◆ **ABOUT THIS TASK**:
The listing must be copied out in full and exactly; no images go with it.

◆ **DATA SEGMENT**:
☆ ☆ ☆ ☆

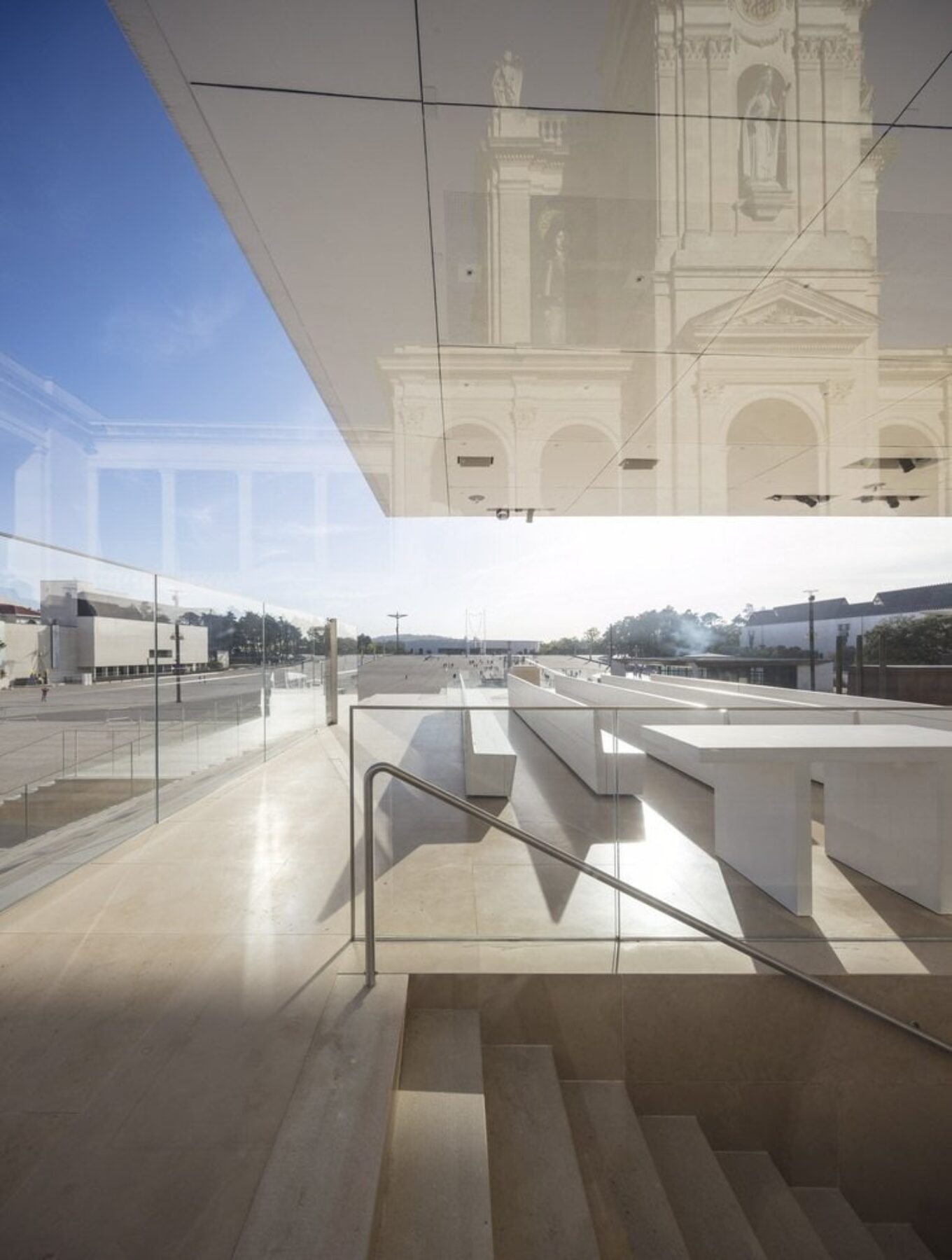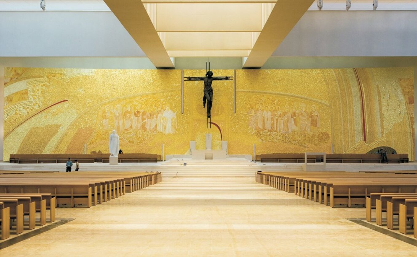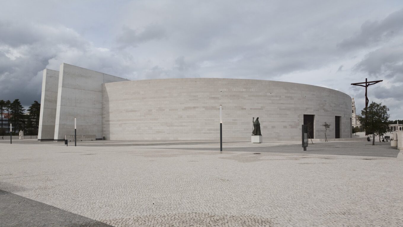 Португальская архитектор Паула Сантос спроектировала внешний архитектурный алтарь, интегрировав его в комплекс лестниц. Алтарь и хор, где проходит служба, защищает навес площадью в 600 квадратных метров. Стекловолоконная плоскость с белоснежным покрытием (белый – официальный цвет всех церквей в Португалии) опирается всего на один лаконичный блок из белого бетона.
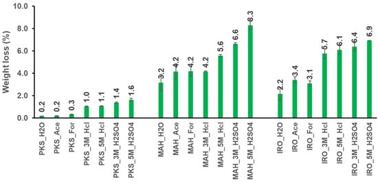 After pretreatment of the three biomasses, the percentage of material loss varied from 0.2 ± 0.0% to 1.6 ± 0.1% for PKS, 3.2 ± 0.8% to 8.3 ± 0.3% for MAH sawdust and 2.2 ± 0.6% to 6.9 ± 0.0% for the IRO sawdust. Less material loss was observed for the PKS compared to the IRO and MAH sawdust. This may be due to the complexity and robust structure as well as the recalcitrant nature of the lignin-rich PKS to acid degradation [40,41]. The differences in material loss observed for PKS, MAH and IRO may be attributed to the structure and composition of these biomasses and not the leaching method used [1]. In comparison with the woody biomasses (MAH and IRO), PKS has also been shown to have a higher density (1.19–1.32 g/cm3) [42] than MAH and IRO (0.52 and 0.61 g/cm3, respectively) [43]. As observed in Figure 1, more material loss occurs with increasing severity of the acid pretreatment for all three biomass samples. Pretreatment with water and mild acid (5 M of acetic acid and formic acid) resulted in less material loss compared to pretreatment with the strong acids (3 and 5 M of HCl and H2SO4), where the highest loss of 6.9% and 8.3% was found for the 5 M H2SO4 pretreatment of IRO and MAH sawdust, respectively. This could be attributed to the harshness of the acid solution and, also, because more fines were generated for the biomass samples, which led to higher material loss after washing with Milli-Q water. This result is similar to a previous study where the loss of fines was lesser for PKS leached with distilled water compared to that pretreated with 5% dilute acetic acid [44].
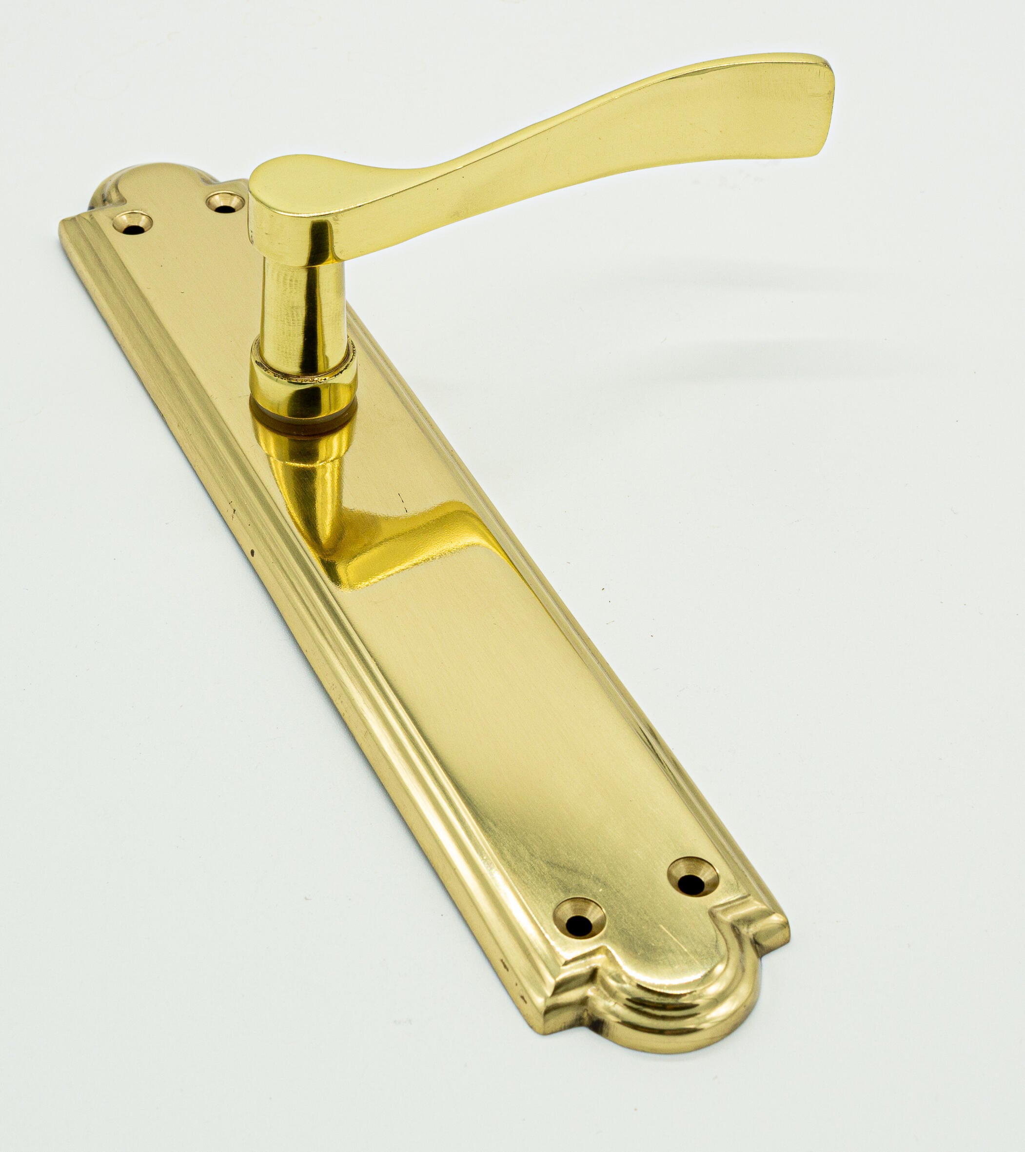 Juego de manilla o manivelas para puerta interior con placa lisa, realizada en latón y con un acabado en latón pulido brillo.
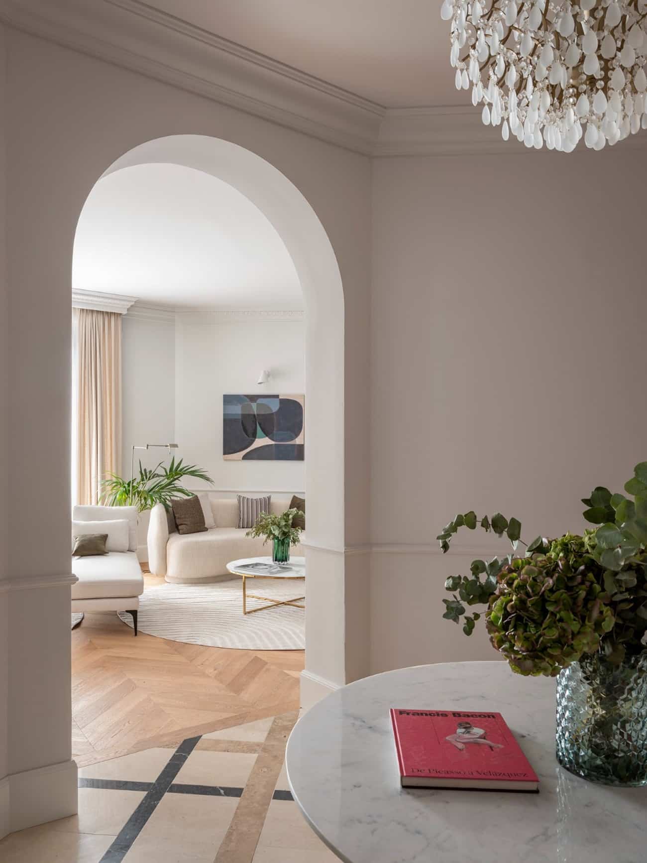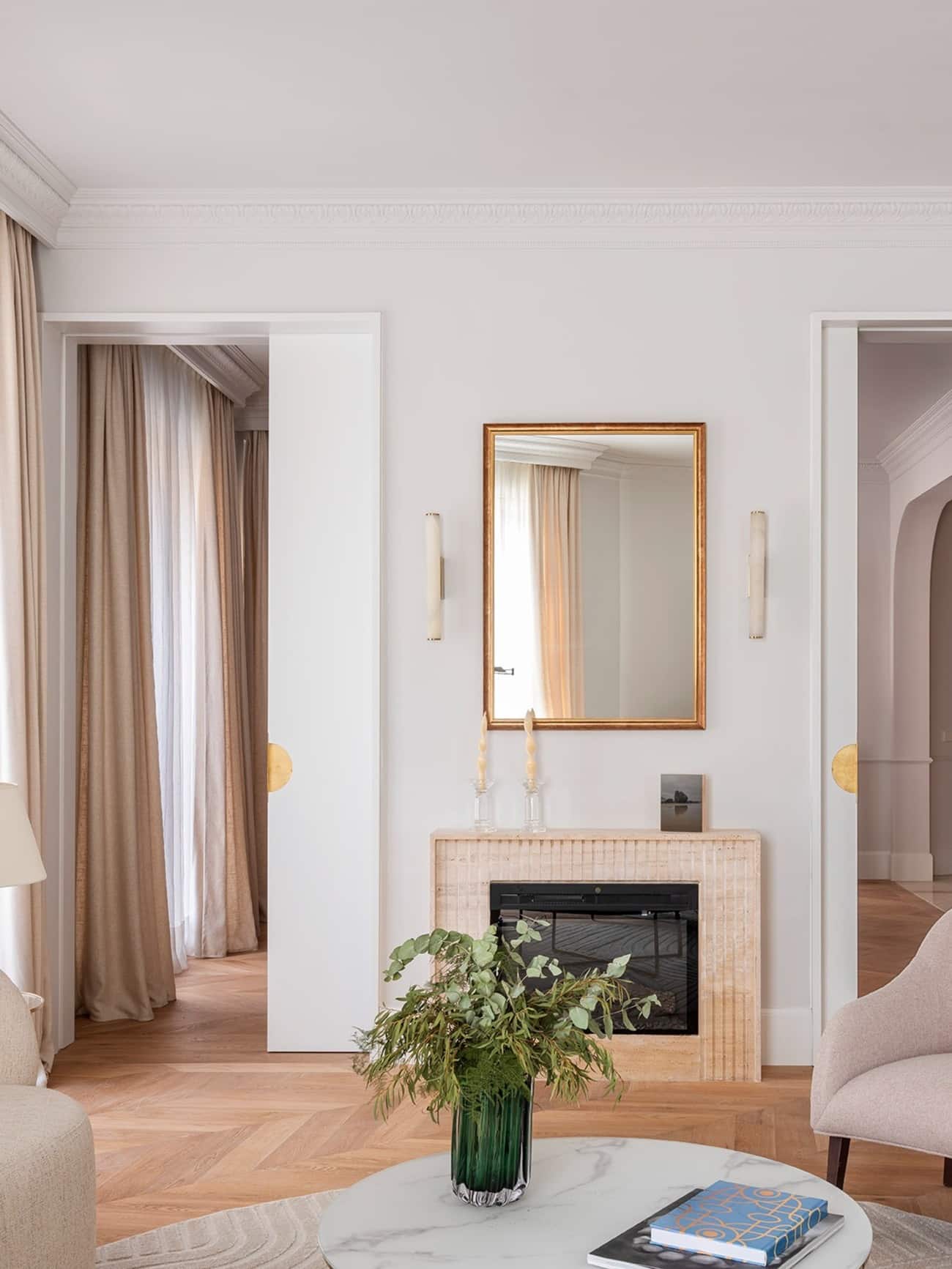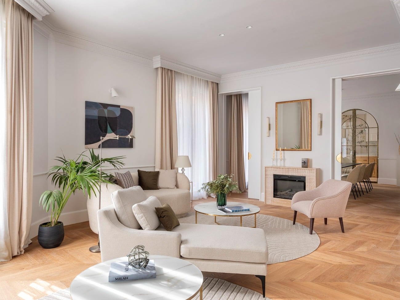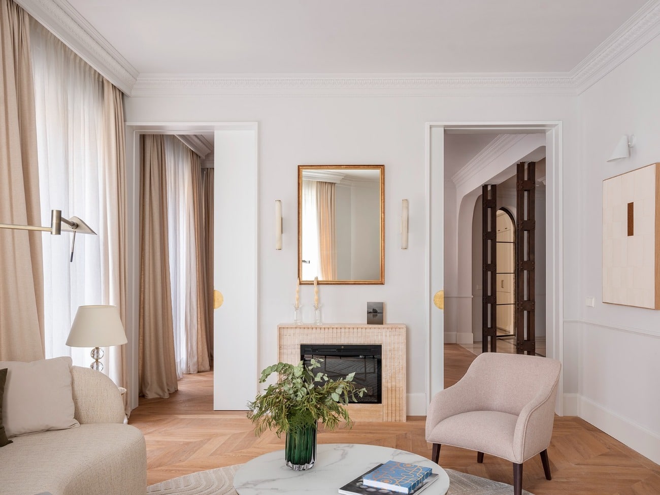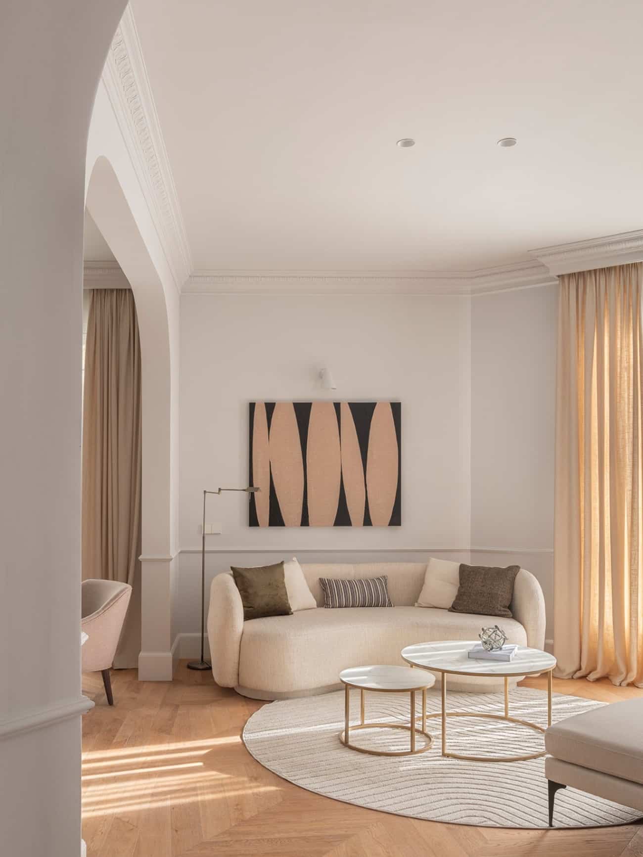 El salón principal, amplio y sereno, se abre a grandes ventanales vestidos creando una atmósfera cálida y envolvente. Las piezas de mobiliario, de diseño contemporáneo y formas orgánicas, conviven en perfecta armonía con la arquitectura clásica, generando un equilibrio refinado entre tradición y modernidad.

☆ ☆ ☆ ☆

◆ **COMPLETED EXERCISE**:
 Португальская архитектор Паула Сантос спроектировала внешний архитектурный алтарь, интегрировав его в комплекс лестниц. Алтарь и хор, где проходит служба, защищает навес площадью в 600 квадратных метров. Стекловолоконная плоскость с белоснежным покрытием (белый – официальный цвет всех церквей в Португалии) опирается всего на один лаконичный блок из белого бетона.
 After pretreatment of the three biomasses, the percentage of material loss varied from 0.2 ± 0.0% to 1.6 ± 0.1% for PKS, 3.2 ± 0.8% to 8.3 ± 0.3% for MAH sawdust and 2.2 ± 0.6% to 6.9 ± 0.0% for the IRO sawdust. Less material loss was observed for the PKS compared to the IRO and MAH sawdust. This may be due to the complexity and robust structure as well as the recalcitrant nature of the lignin-rich PKS to acid degradation [40,41]. The differences in material loss observed for PKS, MAH and IRO may be attributed to the structure and composition of these biomasses and not the leaching method used [1]. In comparison with the woody biomasses (MAH and IRO), PKS has also been shown to have a higher density (1.19–1.32 g/cm3) [42] than MAH and IRO (0.52 and 0.61 g/cm3, respectively) [43]. As observed in Figure 1, more material loss occurs with increasing severity of the acid pretreatment for all three biomass samples. Pretreatment with water and mild acid (5 M of acetic acid and formic acid) resulted in less material loss compared to pretreatment with the strong acids (3 and 5 M of HCl and H2SO4), where the highest loss of 6.9% and 8.3% was found for the 5 M H2SO4 pretreatment of IRO and MAH sawdust, respectively. This could be attributed to the harshness of the acid solution and, also, because more fines were generated for the biomass samples, which led to higher material loss after washing with Milli-Q water. This result is similar to a previous study where the loss of fines was lesser for PKS leached with distilled water compared to that pretreated with 5% dilute acetic acid [44].
 Juego de manilla o manivelas para puerta interior con placa lisa, realizada en latón y con un acabado en latón pulido brillo.
 El salón principal, amplio y sereno, se abre a grandes ventanales vestidos creando una atmósfera cálida y envolvente. Las piezas de mobiliario, de diseño contemporáneo y formas orgánicas, conviven en perfecta armonía con la arquitectura clásica, generando un equilibrio refinado entre tradición y modernidad.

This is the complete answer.